Is that really what we've been working towards?  She can just fashion the McGuffin Blade and everything's peachy?  Illyana herself notes that if she'd worked that out sooner it would have saved a whole lot of bother, and as usual, this blog holds to the priciple that if your own characters are complaining they've wasted their time, you've messed up somewhere along the line.

It doesn't help that in addition to gaining her weapon, Illyana's realisation just suddenly turns her disks back on.  Yes, there were suggestions last issue that Belasco may have ended up with a pupil rather more popular with the Gods than he himself is, but that can't do the heavy lifting needed here.  Basically, after an issue of Storm counselling non-violence as regards Belasco, an issue of Cat demonstrating the folly of violence against Belasco, and an issue in which Illyana learns violence against Belasco is not only ineffective but counter-productive, the ultimate solution turns out to be: violence against Belasco?

That said, the strands do tie together, as I've said, so long as you see Illyana's triumph coming not from what she accepts from each teacher's approach, but in what she rejects.  She refuses the passive role Storm played, but also refuses Cat's approach of thoughtless, headstrong violence.  When she finally fights Belasco, the kindest reading of this book is that this balance is what allows her to win out.  The rather less kind reading would just have it that she wins because she's more powerful and the Chaos Gods would rather see her in charge than Belasco, but on this occasion let's try and stay positive.  The same problem rears its head when Illyana refuses to kill Belasco and take his place; is she denying the Gods because she's rejecting Belasco's philosophy that what one wants and what is best for you are the same thing?  Or because she got to see what trying to do Belasco in got Storm years before: i.e. less than nothing.

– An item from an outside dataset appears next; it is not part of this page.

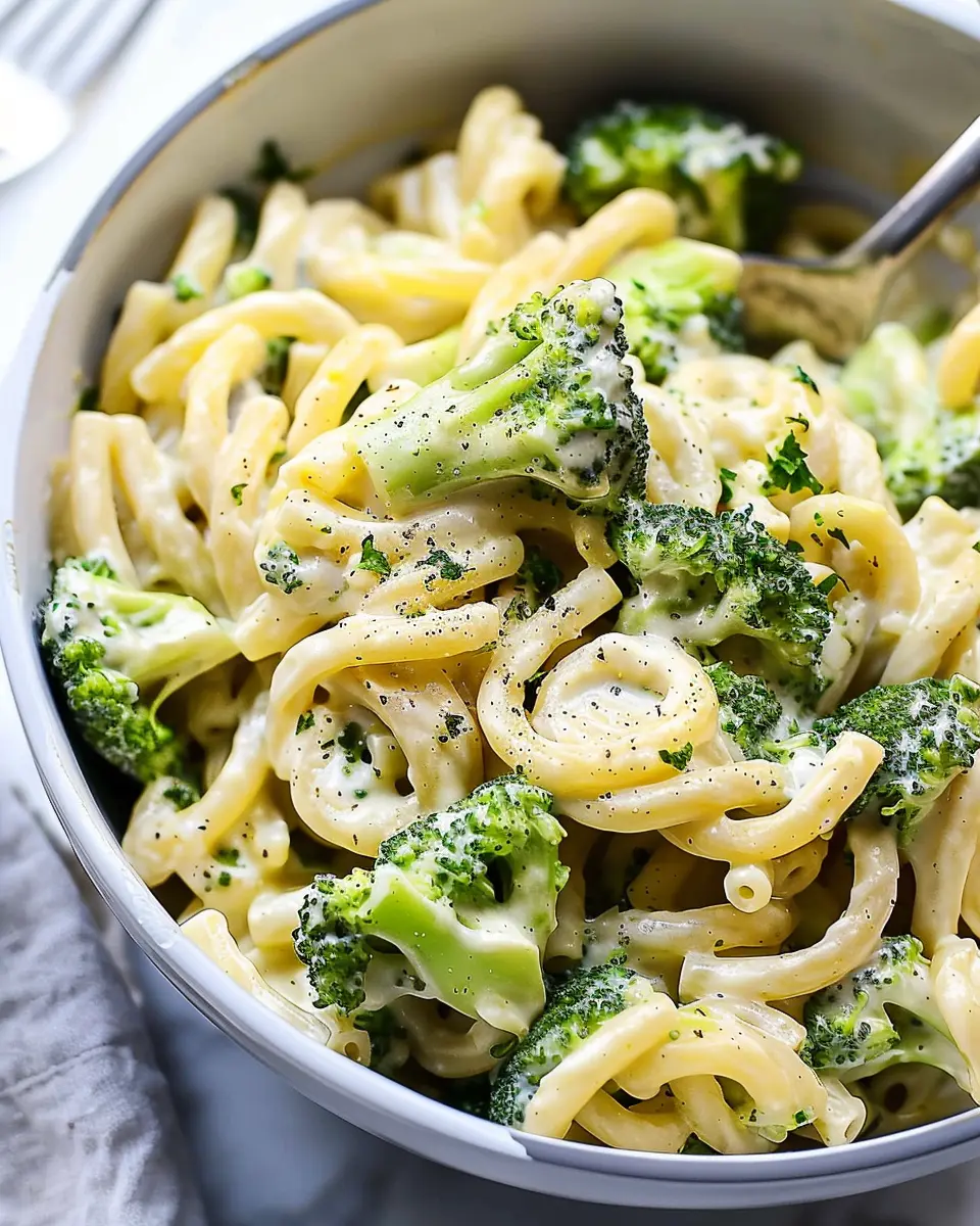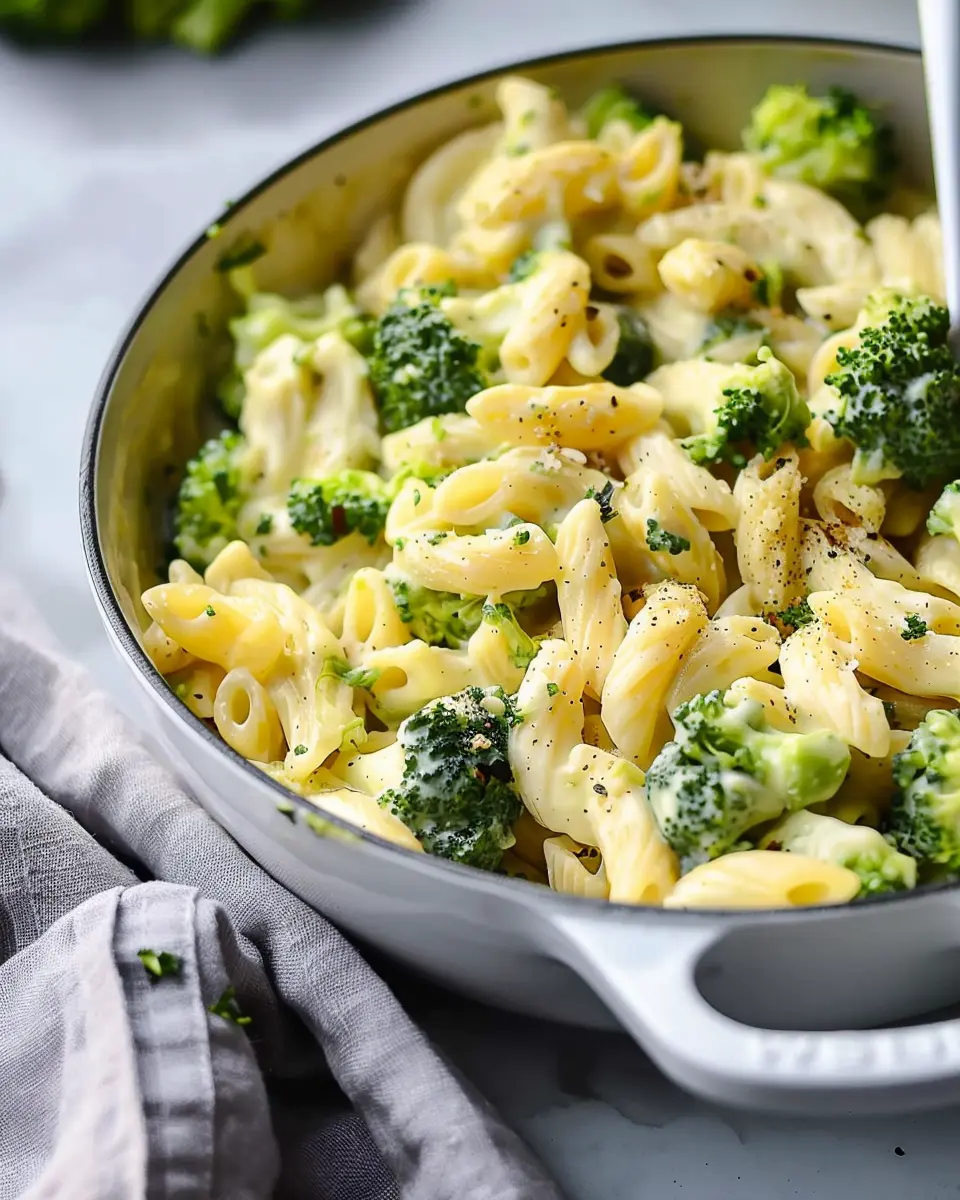 Broccoli Timing: Add broccoli florets halfway through the cooking process. This preserves their bright green color and crunch, adding an appealing contrast to the creamy sauce.

Like I say, I'm trying to stay positive.  A story that can be reasonably read two ways is no bad thing, even when the duality seems more plausibly due to lack of thought than intentional ambiguity.  Looked upon favourably, this series ends up doing it's job; filling in the gap with a story that works on its own terms.

It just doesn't do anything at all beyond that.  Illyana defeats the bad guy, refuses to kill him, and goes home.  All boxes ticked, all questions answered.  Events happened, and no more needs to be said.

I still say that's a damn shame.

Clues

This one's a little confusing; Illyana states that she has no idea how long she spends banished from Belasco's citadel, but later says she's been away from Earth for seven years, which means her exile had to have lasted two years. How she comes to that conclusion isn't explained.

It snows during Illyana's recitation of her story, which apparently isn't unheard of mid-May in upstate New York.

Date

Sunday 13th May, 1984.

X-Date

X+6Y+73.

Contemporary Events



Standout Line

"I made the supreme effort... and Ororo's tree, the supreme sacrifice."

Holy lizardballs, Illyana.  Keep some perspective.  Captain Oates made the supreme sacrifice.  Ororo's tree just fell down after a while.